A Humble Beginner’s Manual

You should read this first before proceeding to the more detailled chapters that will explain a certain topic, but won’t give you an overview on libmunin’s capabillities. This should give you a quick introduction on what is what and where what is when where is not defined. Consfused? Me too. Let’s just dive in!

Part 1: Minimal Example

Let’s start with the pretty minimal example you may have seen already on the frontpage. But let’s go through it more detailed this time.

 1
 2
 3
 4
 5
 6
 7
 8
 9
10
11
12
13
14
15
16
17
18
19
20
21
22
from munin.easy import EasySession

MY_DATABASE = [
    # Artist:            Album:               Title:             Genre:
    ('Akrea'          , 'Lebenslinie'      , 'Trugbild'       , 'death metal'),
    ('Vogelfrey'      , 'Wiegenfest'       , 'Heldentod'      , 'folk metal'),
    ('Letzte Instanz' , 'Götter auf Abruf' , 'Salve te'       , 'folk rock'),
    ('Debauchery'     , 'Continue to Kill' , 'Apostle of War' , 'brutal death')
]

session = EasySession()
with session.transaction():
    for idx, (artist, album, title, genre) in enumerate(MY_DATABASE):
         session.mapping[session.add({
             'artist': artist,
             'album': album,
             'title': title,
             'genre': genre
         })] = idx

for munin_song in session.recommend_from_seed(session[0], 2):
    print(MY_DATABASE[munin_song.uid])

The output of this little wonder should be:

('Vogelfrey'  , 'Wiegenfest'       , 'Heldentod'      , 'folk metal'),
('Debauchery' , 'Continue to Kill' , 'Apostle of War' , 'brutal death')

We can somewhat explain this, since the only thing those songs have in common is the genre - at least partially.

But well, let’s look at the higlighted lines:

  • Line 1:

    Everytime you work with this library you gonna need a session. In this simple case we just use the easisest and shorted possibillity: The munin.easy.EasySession. You can imagine it as a preconfigured Session with defaults that will work fine in many cases.

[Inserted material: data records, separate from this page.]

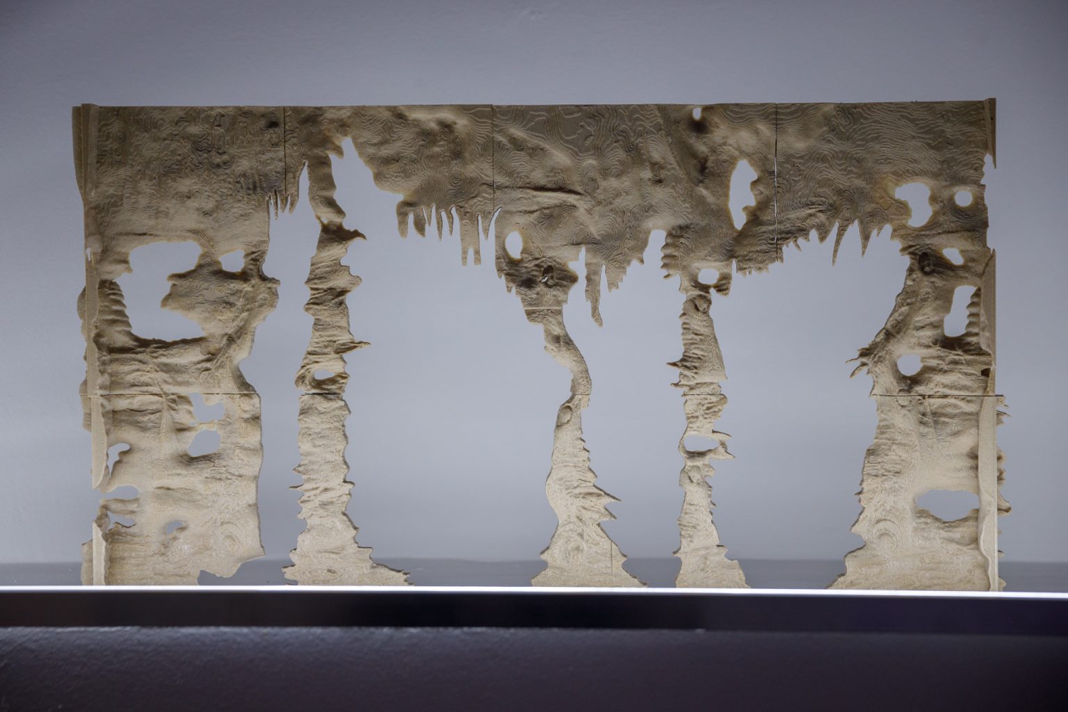 The second source of inspiration for the exhibition is a “red stencil”, made more than 64,000 years ago, “by a Neanderthal (most likely)”. This choice exemplifies the themes repeatedly addressed by Ganea, throughout his artistic career: a mapping of human activities reflected through not only an anthropomorphization, but also a personification of nature, as well as the artist’s personal approach to the multiple problems raised by the posthumanist existential crisis. The latter positions man in the same line with animal, vegetable, and even mineral species. In essence, what seems to be referentially pursued within the present exhibition is the start of a discussion on the theme of rethinking our relationship to this re-evaluation of the human condition. This ought to be done, precisely because of the many apparent limitations of humanity.
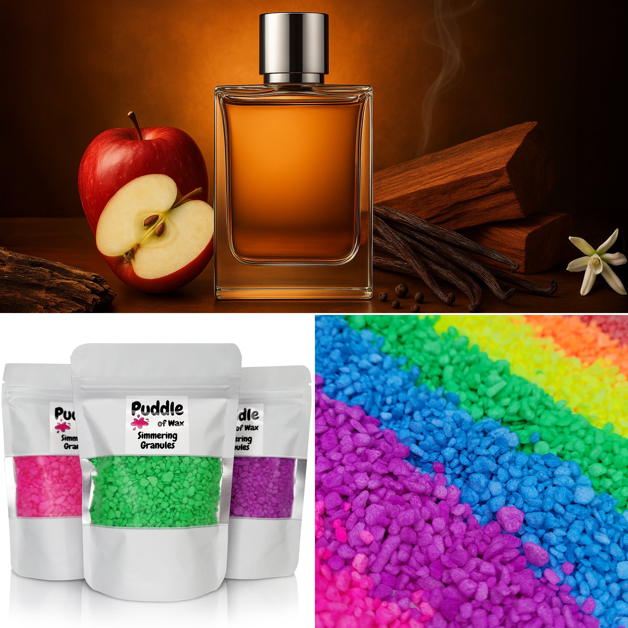 Simmering granules, also known as sizzlers or scented granules, are small beads infused with fragrance oil. They work similarly to wax melts and require no additional oil or water to use.
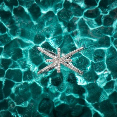 Zirconium ring trend retro ring hexaxed star open temperament small hand jewelry

    You can read more at Part 2 & 10.

  • Line 3:

    Here we fake a databse. You should be aware that libmunin will only eat data. The only thing it might do is helping you on that process with some utilites (as seen in Part 9). But still, you’re on your own here.

  • Line 11:

    As mentioned above we need a Session to talk with libmunin. Before using a Session we need to fill it with data. This data consists of songs and history information - we only use the basic adding of songs here.

  • Line 12:

    When adding songs to a session we need to builup quite some internal data-structures. If we rebuild after every add it would take a lot of time till you get your first recommendation. Therefore the transaction contextmanager will immediately yield and call a rebuild on the database after you added all the songs.

    By the way, if you want to add songs at some late point it is recommended to use munin.database.Database.insert().

  • Line 14:

    This is perhaps the hardest line to grok. With session.add we add a single song to the Session. session.add expects a dictionary with keys (the keys are pre-defined in the case of EasySession, but can be configured in the normal session) and the values you want to set per song.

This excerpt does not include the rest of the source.